Hire a web Developer and Designer to upgrade and boost your online presence with cutting edge Technologies

Saturday, February 1, 2020

CoronaVirus Exploratory Data Analysis

 

In this post we are going to see how to apply EDA in live problems. For that we taken the coronavirus data set from kaggle and going to apply EDA . This post will help the beginners to learn how to apply EDA in data science field.

What is Coronavirus

2019 Novel Coronavirus (2019-nCoV) is a virus (more specifically, a coronavirus) identified as the cause of an outbreak of respiratory illness first detected in Wuhan, China.
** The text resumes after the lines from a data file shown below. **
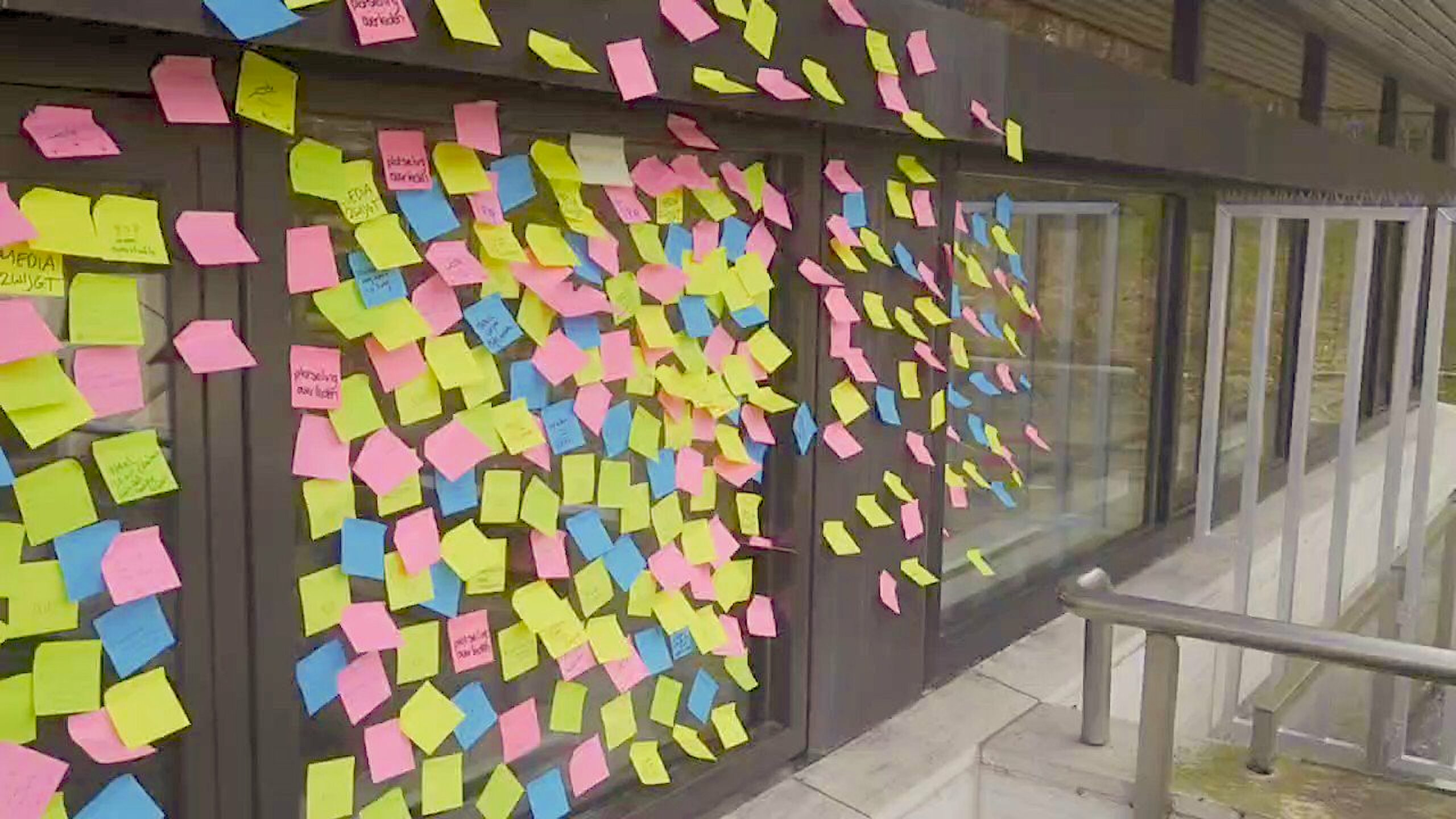 More than 14.000 Post It’s on the Nederlandse Omroep Stichting (NOS) Building, 4 februari 2023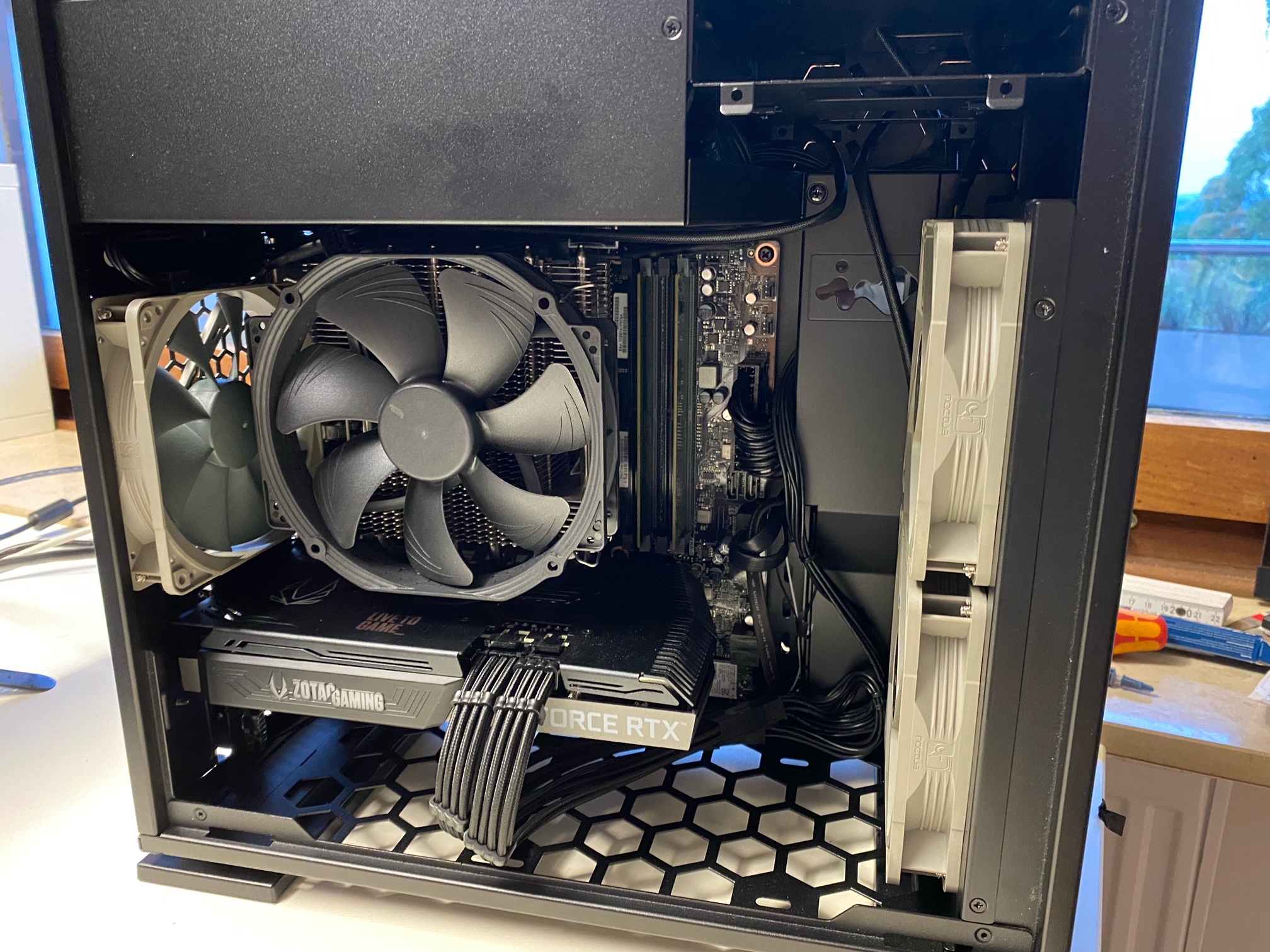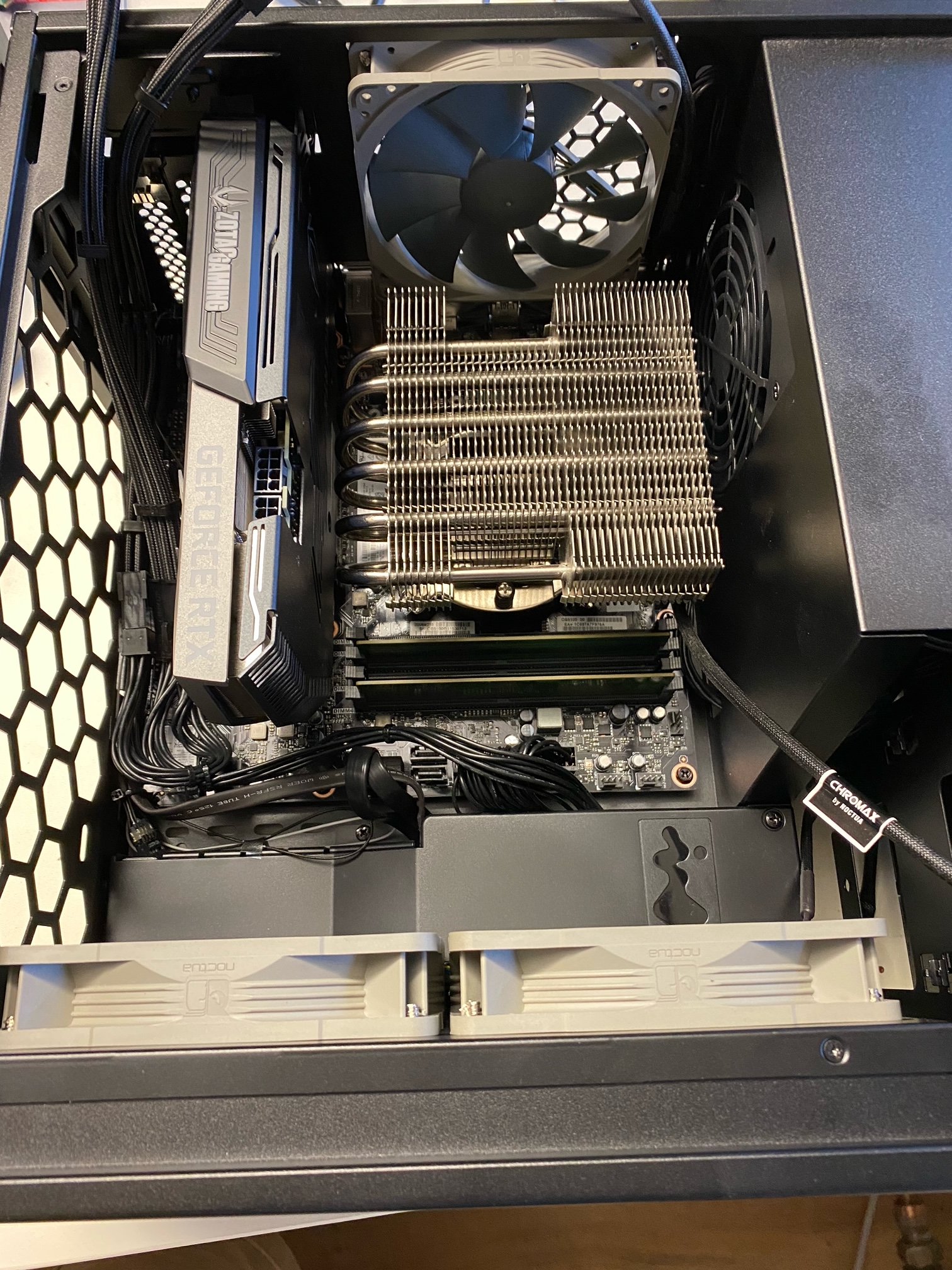 Aus dem "alten" Setup werde ich meinen Noctua NH-C12P verbauen und die zwei Acryl-Gehäuselüfter durch 3 anständige 120mm-Lüfter austauschen. Mit dem deutlich größeren Top Blower erhoffe ich mir noch zusätzliche Kühlung in Richtung MB-Komponenten --> SSD, RAM, VRMs etc.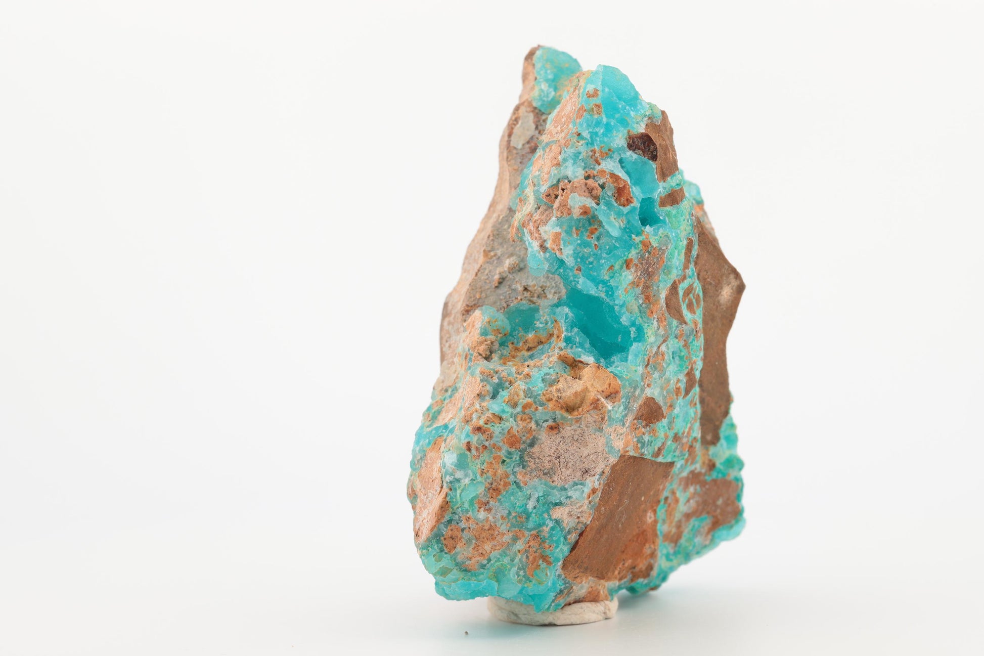 Cette remarquable pièce d'hémimorphite présente une magnifique couleur turquoise vive avec des formations botryoïdales, caractéristiques de cette pierre. Le contraste saisissant entre les zones cristallines bleu vif et la matrice brunâtre naturelle souligne la beauté brute de cette pièce. La texture arrondie et lisse des cristaux donne une apparence presque liquide, ajoutant une profondeur visuelle captivante. Ce spécimen, pesant 171,5 g, est parfait pour les collectionneurs de minéraux ou pour ceux qui recherchent une pièce de lithothérapie unique.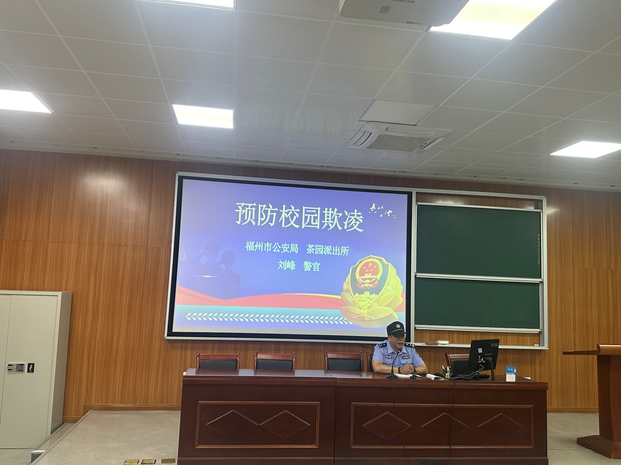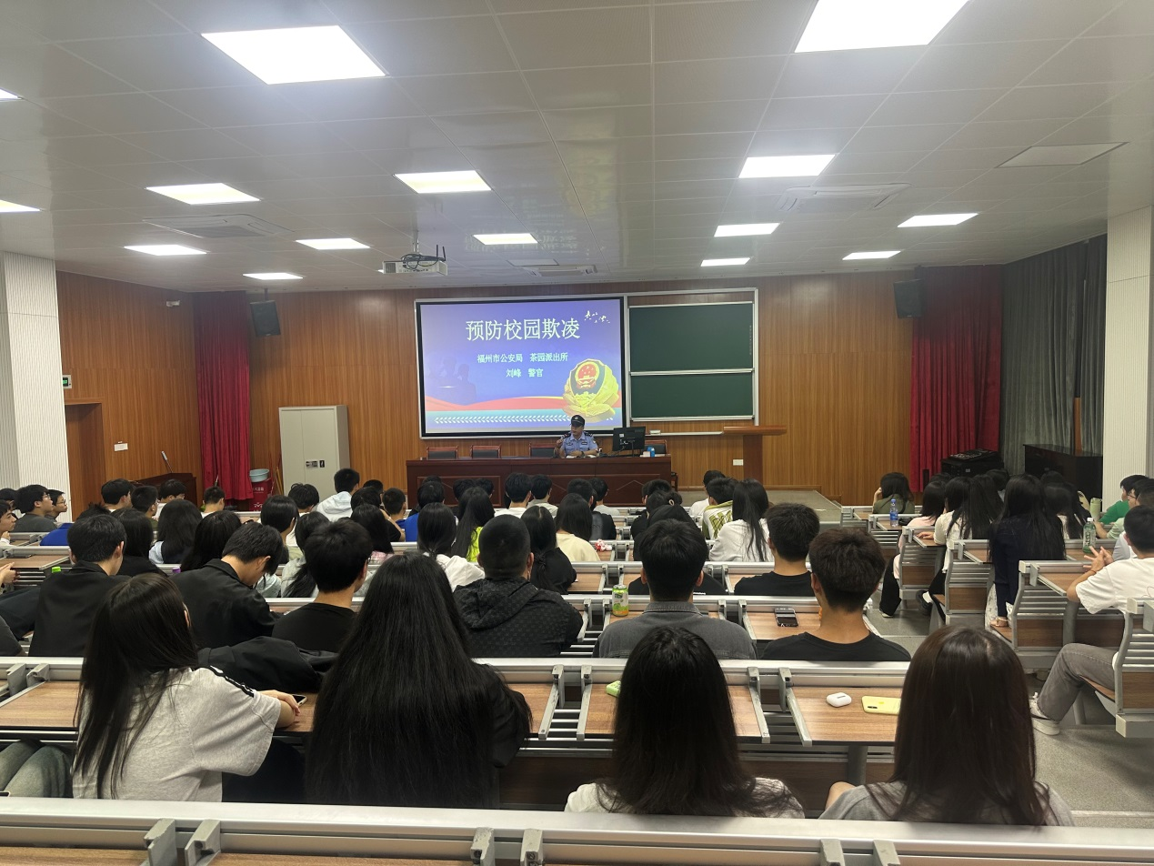 为了加强师生对校园欺凌的警觉性,增强学生的法制观念,有效预防和减少学生欺凌事件的发生,确保青少年身心健康和全面发展,5月10日下午,福州市公安局茶园派出所的刘峰警官受邀走进课堂,为我校23级学生举办了一场主题为“预防校园欺凌”的法治教育讲座。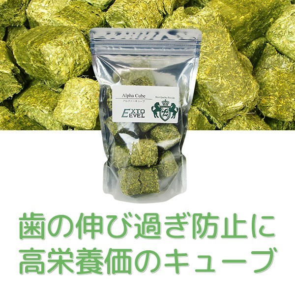 【商品名】 アルファキューブ 【メーカー】 EXTOLEVEL 【原産国】 アメリカ 【原材料】 アルファルファ 【対象動物】 うさぎ・ハムスター・モルモット 【商品説明】 高カルシウム・高タンパク質なアルファルファ牧草をギュッと圧縮しました。その噛み応えにより歯の伸びすぎを防止したり、ストレス解消に最も効果を発揮します。EXTOLEVELでは、色味が極端に違うものを省き品質がいい状態の物だけ商品にしています。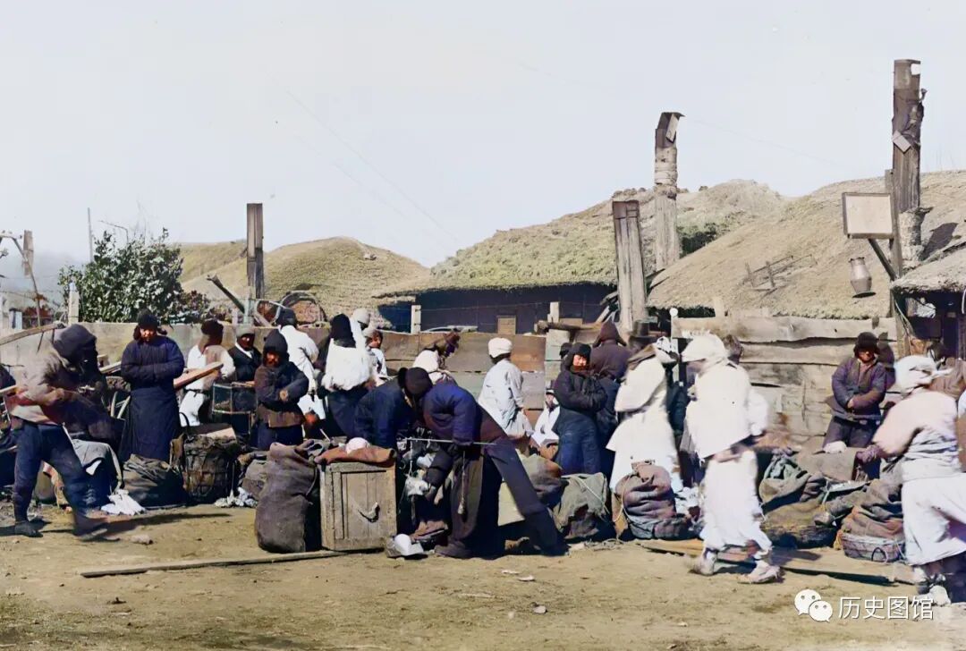 这些小贩们,有的挑着担子,有的拉着板车。在他们身后,还能看到几座农舍草房,高大的烟囱管矗立在房子旁边。这张照片拍摄于1932年。

Early on, many of the patients in the outbreak in Wuhan, China reportedly had some link to a large seafood and animal market, suggesting animal-to-person spread. However, a growing number of patients reportedly have not had exposure to animal markets, indicating person-to-person spread is occurring. At this time, it’s unclear how easily or sustainably this virus is spreading between people - CDC
This dataset has daily level information on the number of affected cases, deaths and recovery from 2019 novel coronavirus.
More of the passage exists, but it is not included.